ZDNet has posted a summary of Microsoft’s response after last week’s outage of their cloud-based Office 365 and Dynamics Online services. Apparently the later was due to a configuration error that was pushed to all the data-centers, while the former was apparently caused by a “defective Cisco gear.”
I don’t think both reasons are acceptable. For the Dynamics issue, a proper staging test environment probably exists. Clearly they missed a key point to check and test before pushing their build to production – this can happen to anyone, nobody can think of everything. We can only hope for them they now took this into account and will add such a test-case in their pre-deployment scenarios. Spirent solution for this, beyond the actual test tools, is iTest which actually designed for that kind of issues.
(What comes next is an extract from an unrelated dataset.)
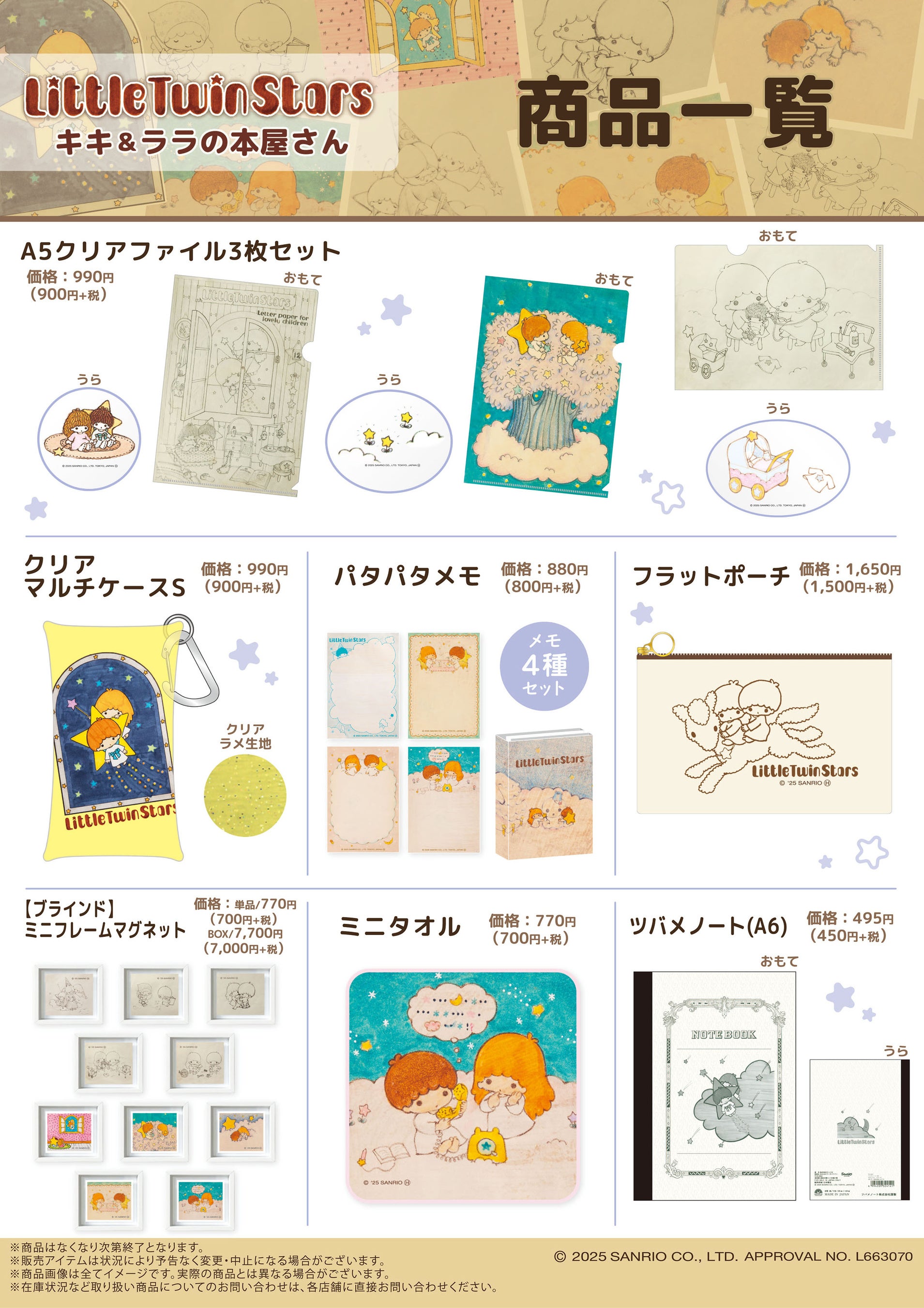 2025年に50周年を迎えた、株式会社サンリオの人気キャラクター『リトルツインスターズ(キキ&ララ)』のアートブック「トゥインクル ドリームズ キキ&ララ アートブック」の発売に合わせ、初期のイラストを使った書店限定グッズを企画しました。セピアカラーの髪色とレトロな色合い、手描きの柔らかい雰囲気が魅力のアイテムを7種類ご用意しています。

The second reason, “defective Cisco gear”, is more… dubious. For one, I don’t think singling Cisco out is nice. Hardware defect does happen, and pointing fingers to a specific vendor is, well, rude. Secondly, a proper network should be designed around High-Availability ; taking into account any single – or multiple – point(s) of failure in the network. I guess it’s possible to have several routers die at the exact same time, but it’d be interesting to run the math and figure out what the odds are. Do I have to mention that testing HA/failure scenarios is of paramount importance specifically for this reason?
Microsoft stated they will provide a 25% credit to their impacted users. That probably cost a whole lot more than what it would have to properly test their network infrastructure.